Restrict quarantined callers to read-only
[[tools.policy.rules]]
effect = "deny"
tool = "shell"
trust_level = "quarantined"
[[tools.policy.rules]]
effect = "allow"
tool = "file_read"
trust_level = "quarantined"
paths = ["/tmp/*", "/home/*"]
Wiring Order
PolicyGateExecutor ← outermost (policy check)
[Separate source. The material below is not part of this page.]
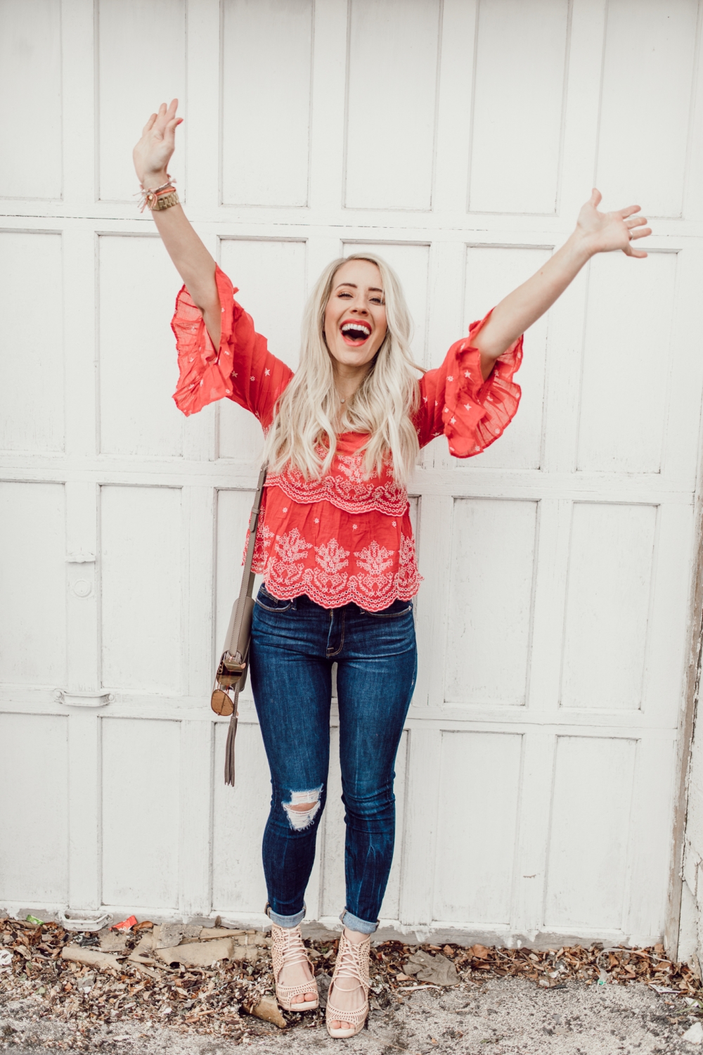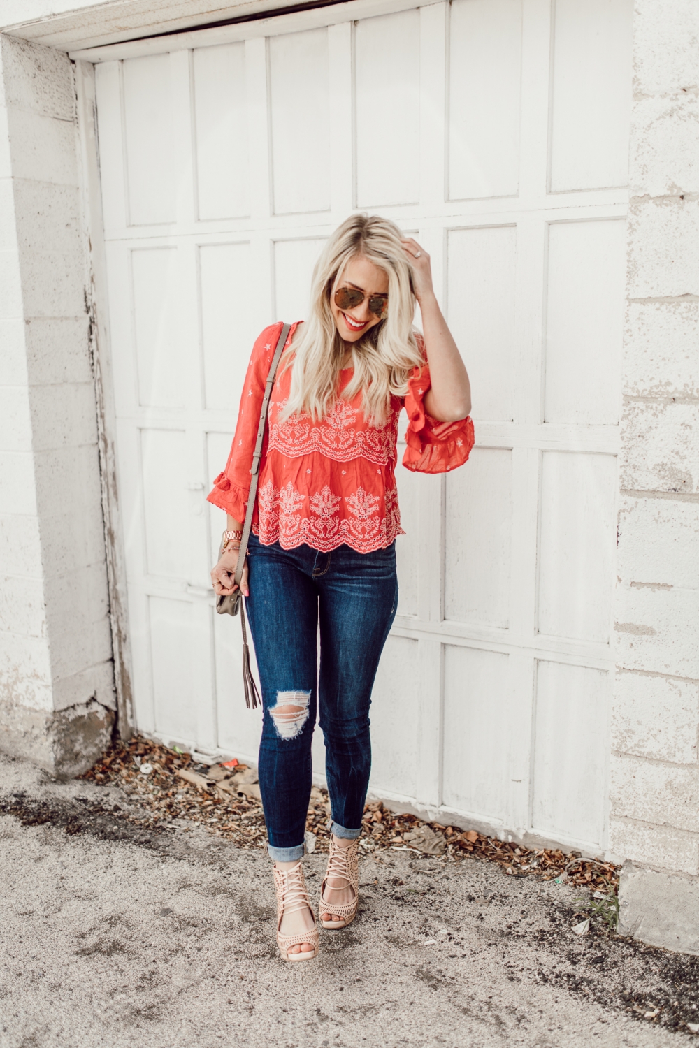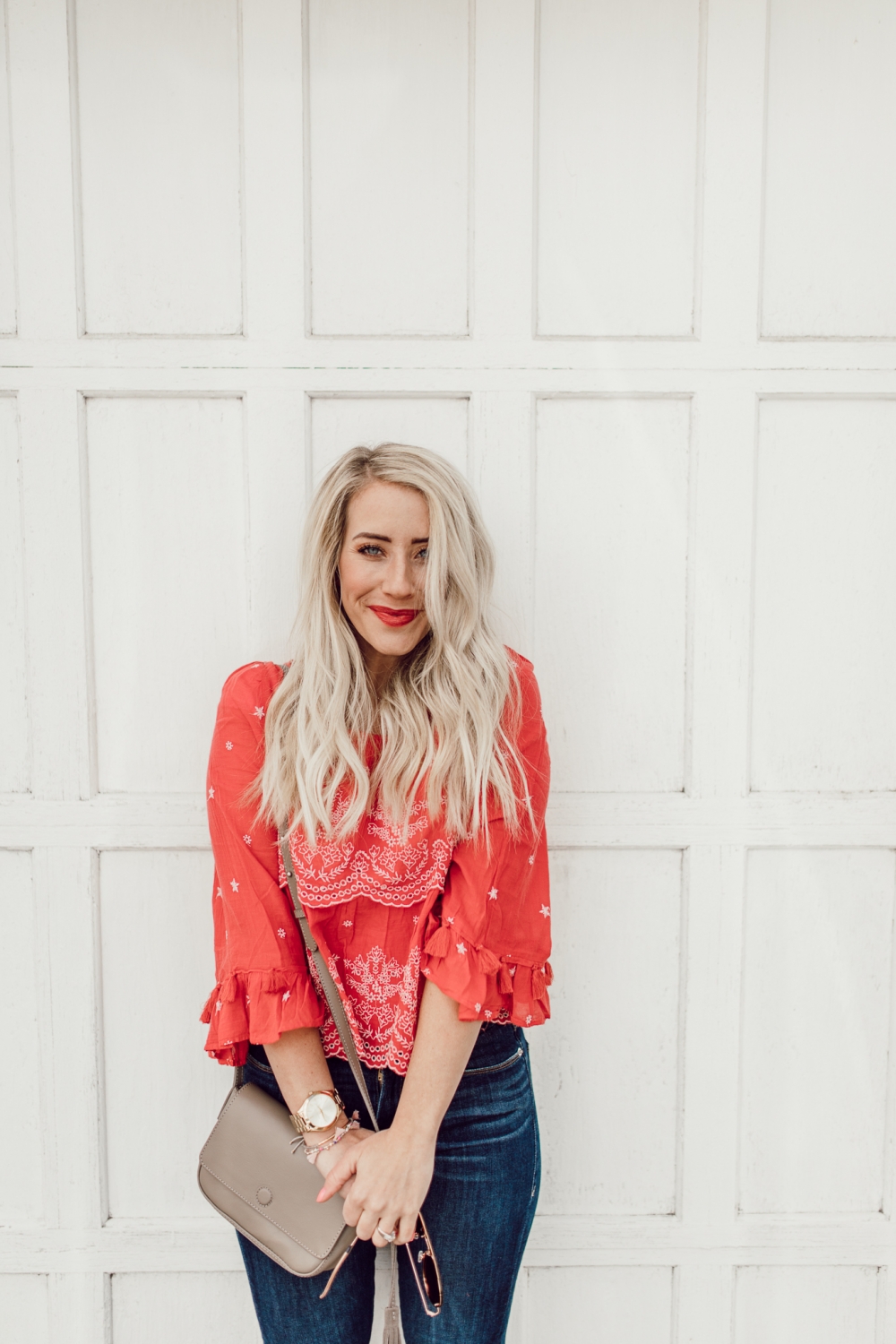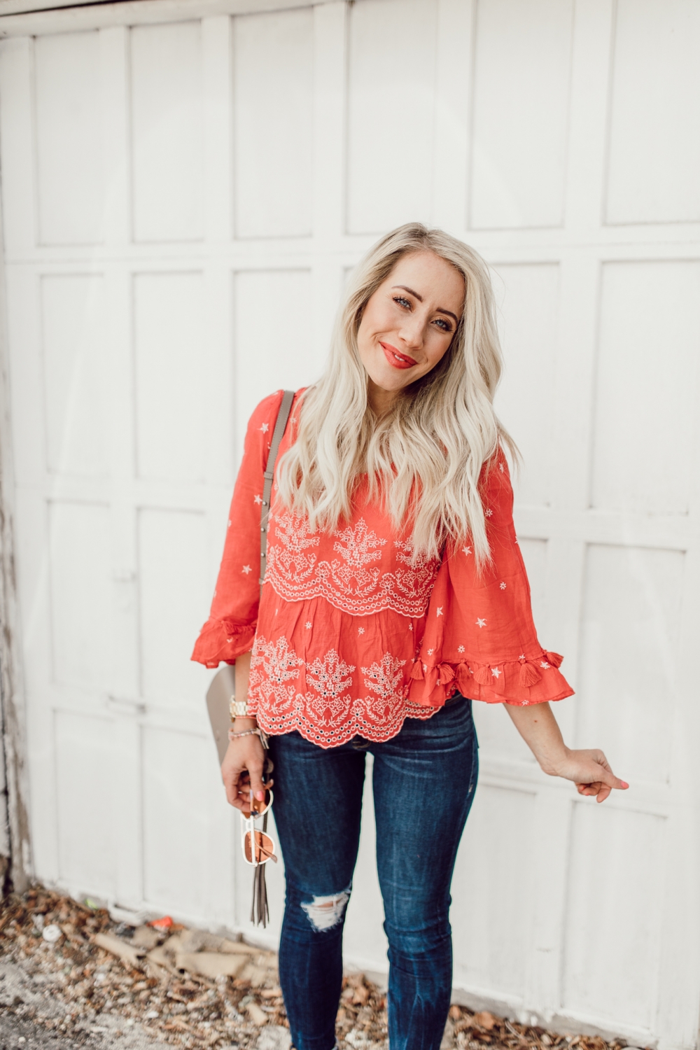 A couple months ago I starting looking through my closet and realized that I’ve got a LOT of neutrals. So many white shirts and chambray basics! I honestly don’t have many pops of color!! On my shopping trip that I talked about here one of my goals was to buy a couple bright pieces that I would normally shy away from. I saw this blouse at AE and it was like the heavens opened up and angels started singing!!!

└─ TrustGateExecutor ← trust level enforcement
└─ CompositeExecutor
└─ ShellExecutor / FileExecutor / ...
Policy is checked before trust level gating. A deny decision short-circuits the entire chain.
Audit Logging
When an [tools.audit] logger is attached, every policy decision (allow and deny) is recorded with timestamp, tool name, truncated params, and result. Deny entries include the full rule trace in the reason field — this trace is never sent to the LLM.
[tools.audit]
enabled = true
destination = ".zeph/audit.jsonl"
OAP Authorization Config
A separate [tools.authorization] section provides a supplementary authorization layer that sits alongside the policy enforcer. Unlike the inline [[tools.policy.rules]], authorization rules are merged into PolicyEnforcer at startup after policy rules (policy takes precedence). This lets you split operational rules (in [tools.policy]) from access-control rules (in [tools.authorization]) across different config files or config management systems.
[tools.authorization]
enabled = true
[[tools.authorization.rules]]
effect = "deny"
tool = "bash"
args_match = ".*sudo.*"
[[tools.authorization.rules]]
effect = "allow"
tool = "read"
paths = ["/home/user/*"]
Rule fields are identical to [[tools.policy.rules]]. The capabilities field on PolicyRuleConfig is reserved for future use when tools expose structured capability metadata (M4).
Note
Authorization rules do not replace policy rules — they extend them. The wiring order is:
[tools.policy.rules]first, then[tools.authorization.rules]. First-match-wins semantics apply across the merged set.
Migrate Config
When upgrading from a config that predates policy enforcer support, run:
zeph --migrate-config --in-place
This adds [tools.policy] with enabled = false as a commented-out block so you can discover and enable it without manual editing.